Informed consent was obtained from the patient’s family for cardiac catheterization and CAF occlusion under general anesthesia. Hemodynamic and oximetry data revealed a Qp/Qs of 1.4 with normal pulmonary vascular resistance. LV volume was increased to 117% of the normal value. Selective LCA and right cusp angiography showed dilation of the LCA measuring 8.3 mm with contrast draining into the RVOT. The left anterior descending (LAD) and left circumflex (LCX) arteries originated in the proximal side of the CAF with two separate orifices. CAF was narrowest just before draining into the RVOT with a minimum lumen diameter of 3.4 mm (Fig. 2A–C). It was a large fistula with high blood flow. We assumed that CAF closure would require high embolization force; thus, we chose AVP Ⅱ for closure. The occlusion site was selected from the entry just after the origin of the normal coronary artery to its narrowest part. The size of AVP Ⅱ was selected to be 1.5 times the size of the minimum lumen diameter and larger than the maximum lumen diameter. Through a femoral approach, 6-Fr venous and 4-Fr arterial sheaths were placed. A 4-Fr JR2.5 catheter with a 0.025-inch angle-tipped guidewire (Terumo Corporation, Tokyo, Japan) was passed to the distal end of the CAF into the RV. To approach the CAF, we used a telescope technique using a 2.8-Fr micro-catheter with a 0.016-in angled and soft-tipped GT wire (Terumo Corporation) in a 4-Fr end-hole catheter deployed through a 6-Fr JR-shaped Vista Bride-tip guiding catheter (Cordis Corporation Bridgewater, NJ, USA). Using a 10 mm Amplatz gooseneck snare kit (Medtronic, Minneapolis, MN, USA) via the retrograde course, we created an arteriovenous loop for trackability of the 6-Fr guiding catheter, and the catheter tip was advanced into the CAF (Fig. 2D). After contrast test injection for determining catheter placement, the 6 mm AVP II was deployed.
Fig. 2.
Angiogram. (A) Frontal view shows markedly dilated left main coronary artery with contrast draining into right ventricular outflow tract (RVOT) and dominant right coronary artery (RCA). (B) Cranially angled right anterior oblique view shows aneurysm measuring 8.3 mm in maximum diameter, left anterior descending artery (LAD), and left circumflex artery (LCX) originating from the proximal side of the coronary fistula (CAF) measuring 3.4 mm in minimum diameter. (C) Caudally angled lateral view shows a tortuous CAF toward the anterior side. (D) Arteriovenous loop provided trackability for the 6-Fr guiding catheter, and the tip of the guiding catheter was advanced into the coronary fistula. (E, F) Post-procedural angiogram showing complete occlusion of coronary fistula with Amplatzer Vascular Plug II and improvement of LAD and LCX filling. (E) Cranially angled right anterior oblique view. (F) Caudally angled lateral view.
RCC, right coronary cusp.
Repeated angiography showed intact native LAD and LCX, and the device was positioned well. The device was released. Ten minutes after deployment, another angiography demonstrated successful complete occlusion of the CAF with improved native LAD and LCX perfusion (Fig. 2E,F).
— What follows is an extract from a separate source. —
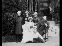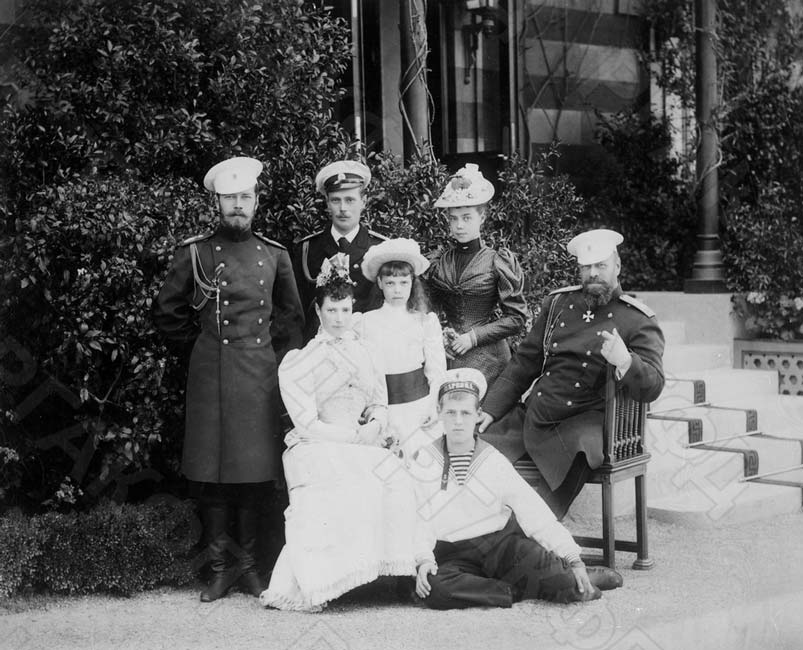 Семья императора Александра III в Ливадии. Стоят (слева направо): цесаревич и великий князь Николай Александрович, великий князь Георгий Александрович, великие княжны Ольга Александровна и Ксения Александровны. Сидят (слева направо): императрица Мария Федоровна, великий князь Михаил Александрович, император Александр III.

The postprocedural course was uneventful. There were no cardiac murmurs, continuous flow on echocardiography, and ST-segment or T-wave changes on the electrocardiogram. She was discharged 2 days post-procedure and prescribed aspirin and warfarin. Follow-up angiography after 1 and 2 years and CT after 1 year showed complete occlusion of the CAF and LAD and LCX perfusion. Developed collateral arteries from the RCA, and regression of the LCA aneurysm to 2.9 mm was also observed (Fig. 3). There was no sign of ischemia on treadmill and adenosine stress myocardial perfusion imaging. She is on single-antiplatelet therapy with aspirin and is being treated on an outpatient basis in a fairly stable state.
Fig. 3.
Angiogram. An angiogram after 2 years shows complete occlusion of the coronary fistula, regression of the left coronary artery (LCA) aneurysm, and dominant right coronary artery (RCA). (A) Frontal view of the RCA. (B) Frontal view of the LCA. (C) Cranially angled right anterior oblique view of the LCA.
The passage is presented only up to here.